Do not wait; the time will never be ‘just right.’ Start where you stand, and work with whatever tools you may have at your command, and better tools will be found as you go along.
George Herbert 

And RUDE Boy is relating to this quote below 

I like doing things where I can get dirty, work with my hands, and use power tools.

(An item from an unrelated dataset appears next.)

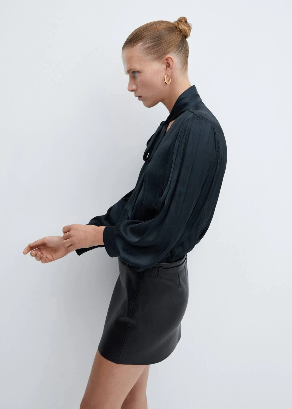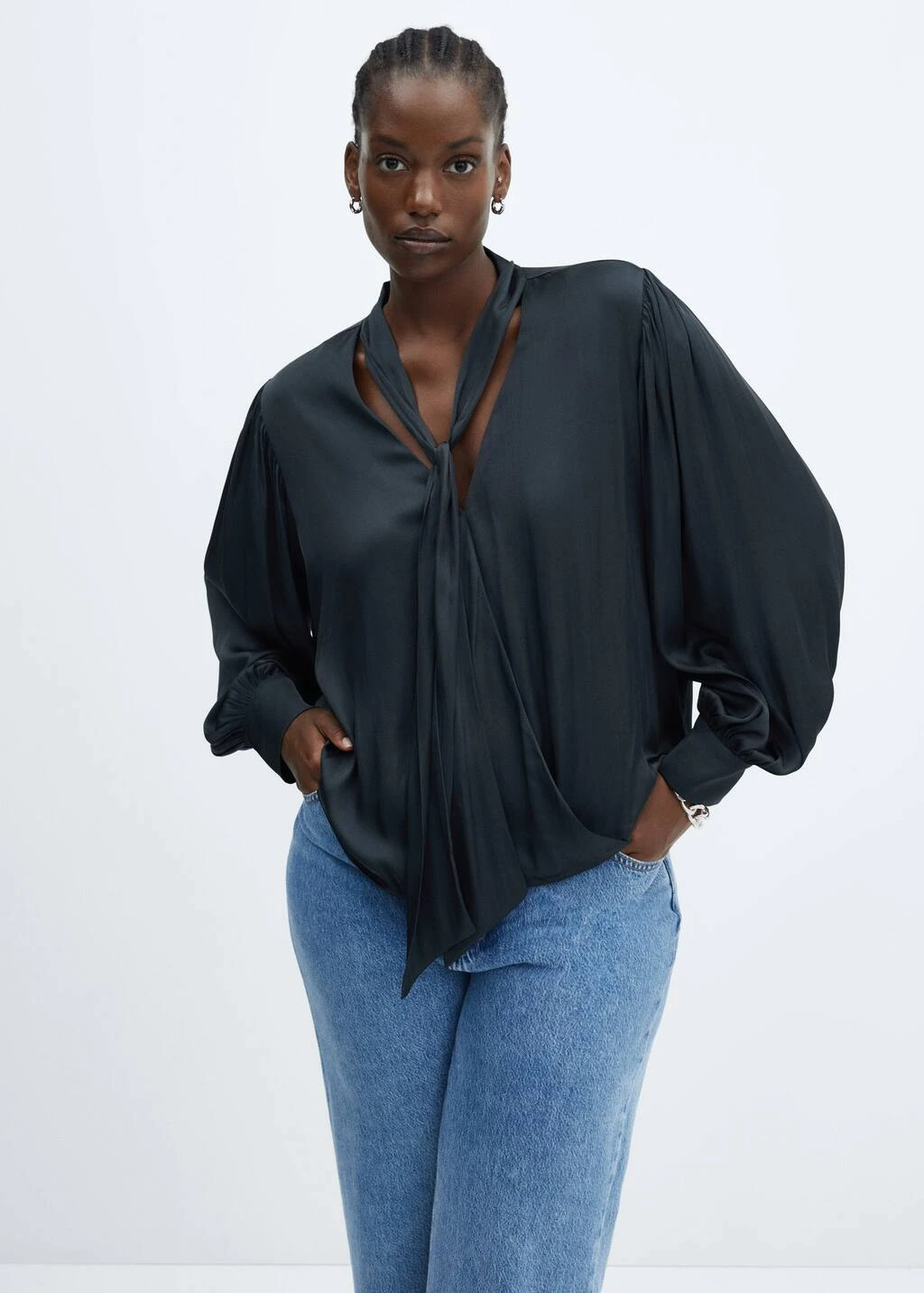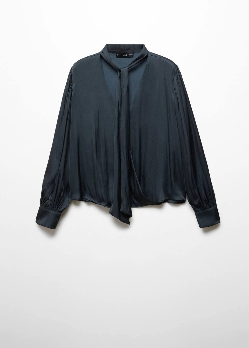 tissu satine, coupe droite, col en v, nœud au col, manches longues bouffantes, disponible plusComposition: 100% polyester

Last weekend, I did some grouting.
Nathan Fillion 

For this week’s blog post RUDE was keen to do a post about a collection of things.  Interestingly we do not see ourselves as collectors.  Maybe it is because we do not collect things as a hobby.  We collect to reuse things in a very practical way.  And monetary value rarely comes into play.  It is always about function for us.  And if practical things are beautiful to look at, well that’s a bonus.  This morning, as with most Friday mornings, I lie in bed wondering what to post about.  I was thinking about some of the stuff we have around our home.   I thought maybe our baskets, chopping boards, CDs, vinyl LP records and books.  RUDE Girl has rescued many cane baskets from landfill.  We have baskets for laundry, sewing, clothes, serviettes, ironing, shopping, display, food, storage and towels.

Photos below:  RUDE Girl’s cane basket collection

RUDE Boy has tools that were purchased new, many years ago.However, it was time to feature those in his collection that have been rescued from TIP SHOPS.  The tools featured in this video below, are a great asset to the business of running our frugal household.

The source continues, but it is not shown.